Targeting a negative control pigmentation gene did not cause any brain or heart anatomical phenotypes (slc45a2, Fig. 4B,C), whereas positive control genes known to have roles in both ASD and CHD (nsd1, ankrd11) (Satterstrom et al. 2020; Jin et al. 2017; Homsy et al. 2015; Zaidi and Brueckner 2017) resulted in severe morphological changes to both the heart and brain (Fig. 4B,C, Fig. S5). Notably, for all 7 genes undergoing validation we observed known brain and heart phenotypes previously associated with ASD or CHD in Xenopus at greater frequency than in controls, albeit with different degrees of penetrance and severity by gene (Fig. 4B,C, Fig. S5AC, Table S8). The most common phenotypes among the genes were an increase in telencephalon size variance (Fig. S5A), changes in the heart size (Fig. S5B), and reversed heart situs (Fig. S5C).

Hierarchical organization of the ASD-CHD network implicates shared molecular mechanisms.

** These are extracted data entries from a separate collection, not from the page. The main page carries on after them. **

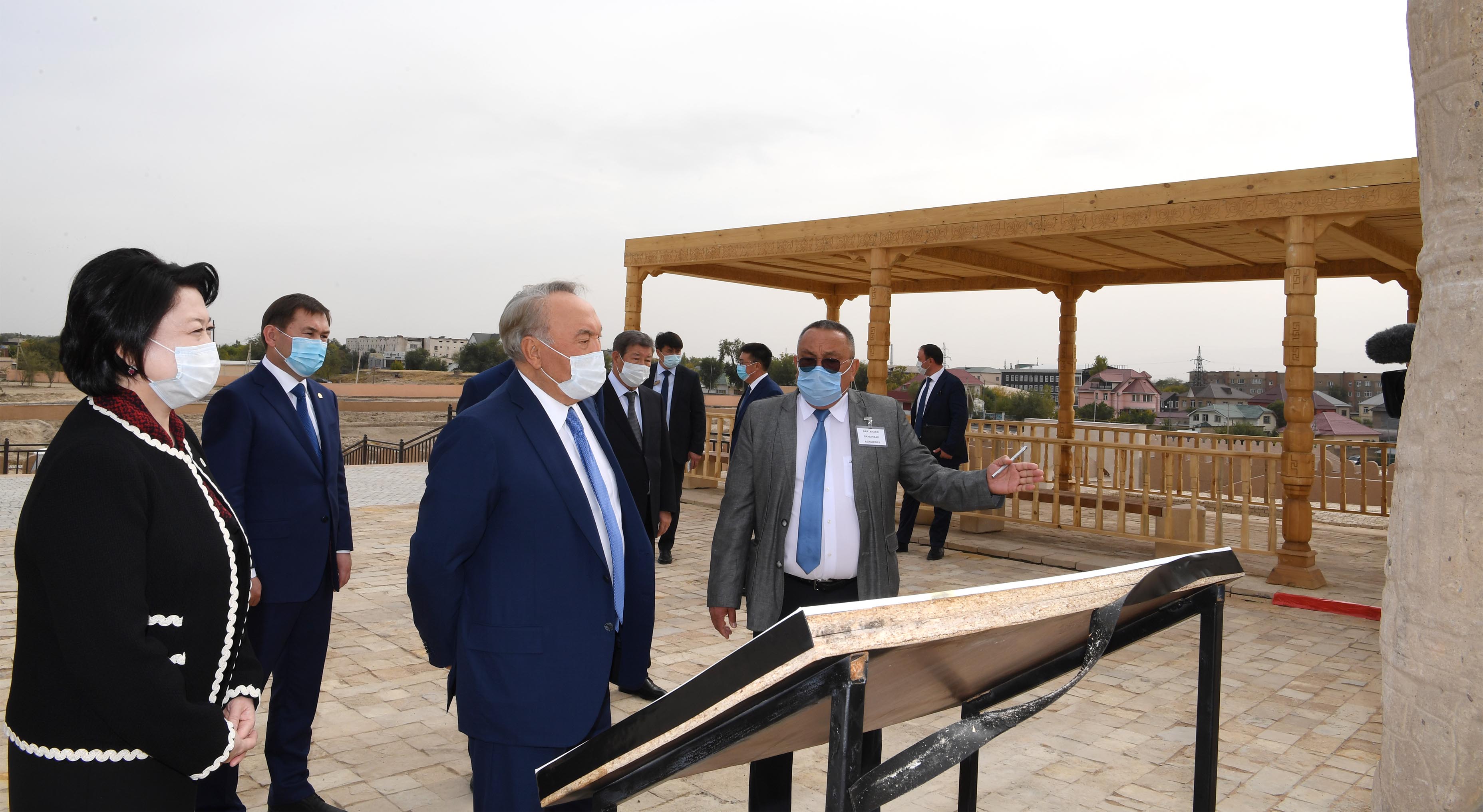 Көне қалашықты аралап көру кезінде Елбасы археологиялық жұмыстардың нәтижелерімен және мәдени кешенді одан әрі дамыту жоспарларымен танысты.
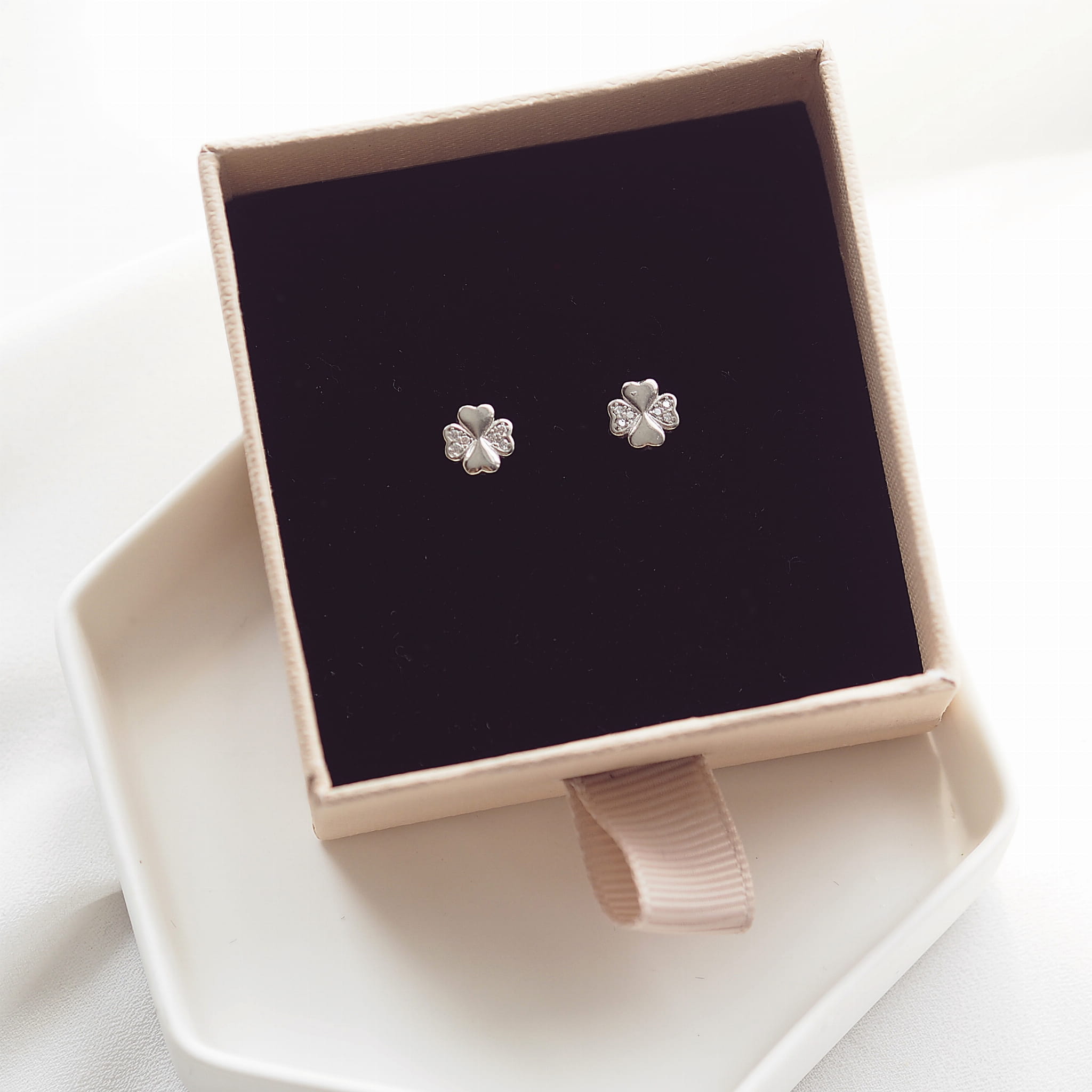 Kolczyki srebrne rodowane Koniczynka Lucky
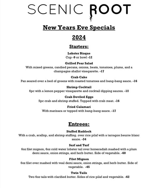 We will be serving our regular menu along with a special New Year’s Eve menu shown here and also listed on our website.
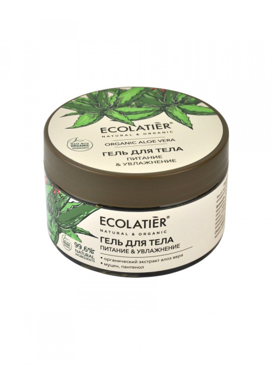 Гель для тела ECOLATIER Organic Aloe Vera обладает легкой текстурой, быстро впитывается без ощущения липкости. Глубоко питает и насыщает кожу влагой. Органические ингредиенты: Органический экстракт алоэ вера содержит витамины, аминокислоты, полисахариды, фитонциды и является природным стимулятором регенерации клеток и тканей.Муцин улитки содержит аллантоин, пептиды, эластин, коллаген и гиалуроновую кислоту, которые благотворно влияют на кожу, способствуют активному восстановлению клеток, увлажнению и омоложению кожи. В комплексе с алоэ вера оказывает непревзойденное увлажняющее действие. Массажными движениями нанесите гель на чистую кожу до полного впитывания. Для наружного применения.
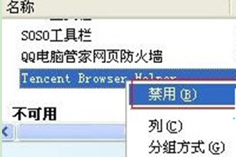2、然后在打开的“管理加载项”窗口中,点击“工具栏和扩展”,在右侧的选项框内找到tencent browser helper,然后选择“禁用”。

To chart the functional organization of the ASD-CHD network, we applied the technique of network community detection (Kramer et al. 2014; Yu et al. 2019) to identify modular systems of genes enriched for high densities of molecular interactions (Methods). We identified 120 gene systems organized hierarchically, with small specific systems contained within those that are progressively larger and more general as one moves upwards in the hierarchy (Fig. 5A). Systems corresponding to known biological functions were labeled by alignment to multiple gene knowledge bases (Methods), revealing major functional branches related to chromatin and histone modification, ion channels and transport, Notch signaling, and MAP kinase signaling (Fig. 5A). Approximately a quarter of systems corresponded to well-characterized biological functions (27%), while many others (55%) expanded a known function by adding genes or by factoring that function into multiple distinct subsystems (Fig. 5B, Table S9). The remaining 22 systems (18%) did not clearly enrich for a known function, representing putative functional gene assemblages. A convergence of replicated genes (genes with at least one dual-condition dDNV in DECIPHER) was observed in select chromatin modification subsystems (e.g. System 886, 9/17 genes replicated, Fig. S6A), supporting results from previous studies (Homsy et al. 2015). Convergence of replicated genes was also observed in brain morphogenesis subsystems (e.g. System 920, 19/37 genes replicated, Fig. S6B) and in system 901 for which 7/22 genes replicated in DECIPHER (Fig. S6C, Tables S1,S10). While it is not yet obvious how the various genes in system 901 interrelate within the broader supersystem function of chromatin modification (CHD8, SIN3B, ARID1A, and RNF44, among others), it is clear that they have many more interconnections than would be expected by chance, suggesting a common functional role within the scope of chromatin modification (Fig. S6DE).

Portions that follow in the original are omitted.